Crypto Currency and its legal regulatory implications

The rise of Bitcoin and other virtual currencies in the past six months has seen exponential growth for a number of such cryptocurrencies. As well as Bitcoin – Ripple, IOTA and Ethereum have all seen their value shoot up. This is due to a number of reasons: potential partnerships with big tech players such as Microsoft, or, in the case of Ripple, its price was pushed up after the announcement that Japanese and Korean banks planned to test Ripple’s blockchain technology for payments solutions.

Crypto Currency

Another up and coming cryptocurrency called IOTA is being tipped as the next big thing. Instead of using the blockchain technology that many cryptocurrencies use, many believe IOTA’s Tangle ledger is superior to cryptos relying on blockchain technology. The sharp rise and drop in prices which characterises cryptocurrencies’ values shows how volatile they are and how reliant traders are on news announcements.

These cryptocurrencies are decentralised and not currently regulated, and therefore throw up a number of legal implications. Cryptocurrencies have been used for money laundering and illicit activities due to their anonymity. This has led the government to state that it is “working to address concerns about the use of cryptocurrencies by negotiating to bring virtual currency exchange platforms and some wallet providers within anti-money laundering and counter-terrorist financing regulation.” Under a EU-wide plan, online platforms where Bitcoin is traded will be required to carry out due diligence on customers and report suspicious transactions, in order to end the anonymity which has made the currency attractive to criminals. Cryptocurrencies have increasingly become a common method of value exchange in a number of types of criminal activity; notably in May 2017 the NHS was crippled by a global cyber-attack whereby Ransomware was utilized to demand payment for the decryption of encrypted files in bitcoin.

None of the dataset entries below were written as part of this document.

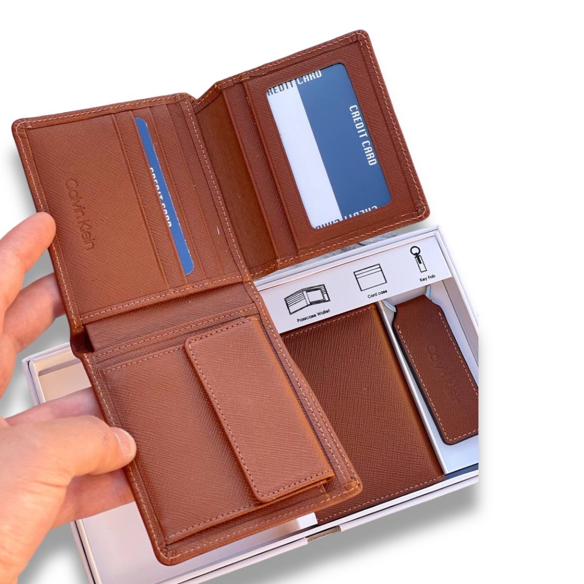 طقم من كالفن كلاين مكون من محفظه ومادليه وكراته رجالي
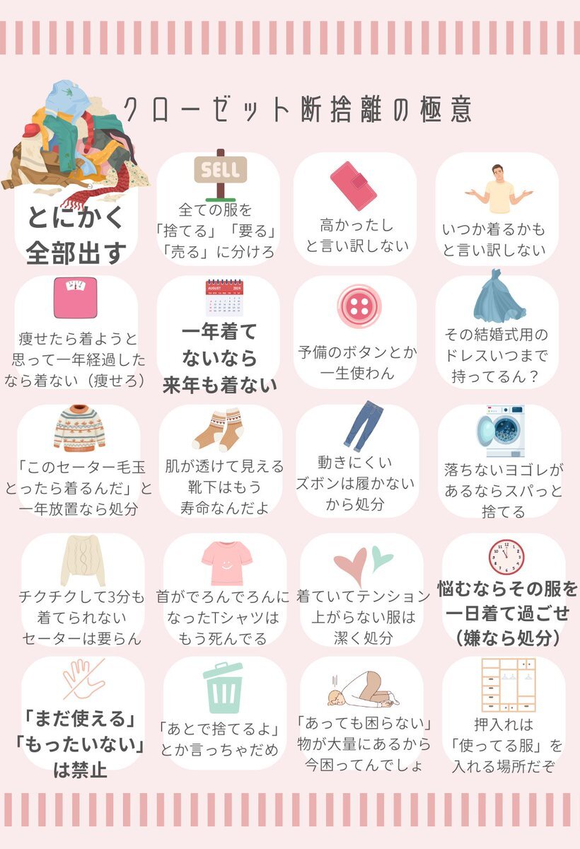だいぶ涼しくなってきたし、 衣替えついでにごっそり夏服を断捨離する人も多いだろうから 自分用に作った「服の断捨離の極意」、流しときますねっ(*ノ・ω・)ノ⌒。ソォイ!!! pic.x.com/NAYIQmC0p5
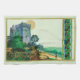 Vintage St. Patrick's Day card från New York Public Bibliotek. Det är ett slott i Irland mot en blek grönt himlar med ett schamprock gräns och text som säger St. Patrick's Day Hälsning.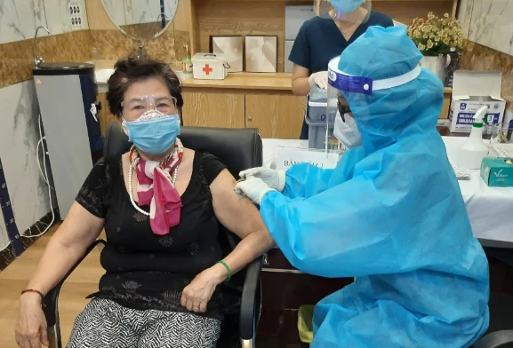 Nhân viên y tế đang tiêm vaccine ngừa COVID-19 cho người lớn tuổi. Ảnh: TRẦN NGỌC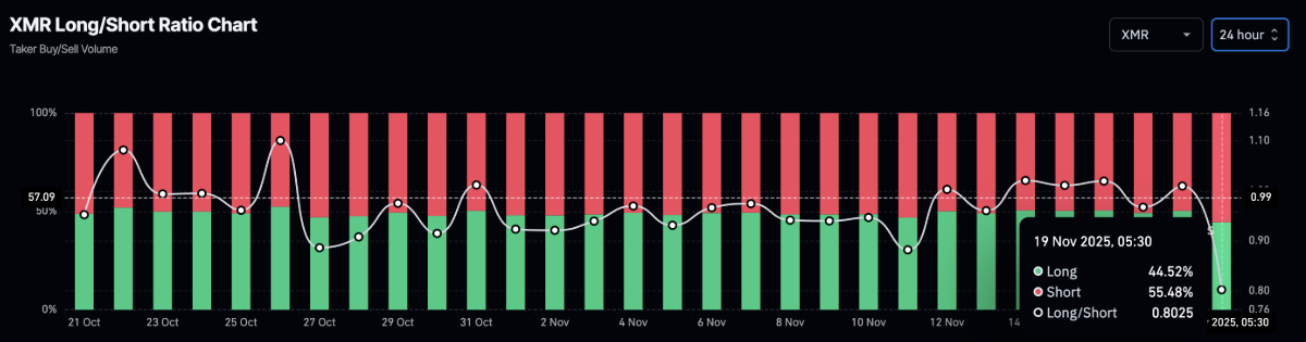 Tâm lý lo sợ trên thị trường càng rõ rệt khi biểu đồ tỷ lệ long/short của XMR cho thấy các vị thế short chiếm 55,48% tổng giao dịch, kéo tỷ lệ xuống 0,8025. Với xu hướng này, Monero có thể tiếp tục chịu áp lực bán gia tăng, khi đặt cược giảm giá mạnh hơn và thị trường phái sinh trở nên yếu đi.

HMRC has not issued any guidance on how Bitcoin should be treated for SDRT or SDLT purposes. SDRT is charged on the amount or value of the consideration in question, which may be in money or money’s worth. The question is whether Bitcoin is regarded as money for these purposes. If it is not, its value for SDRT purposes would be the price it might reasonably be expected to fetch on a sale in the open market at the time of the agreement (to transfer chargeable securities) in question.

These legal and regulatory challenges must be kept in mind by commercial lawyers who are involved in litigation or transactions involving crypto currencies and their platforms. Frequent hacking and investment scams are common need to have up to date knowledge of the developments of crypto currencies in both the UK and on an international level.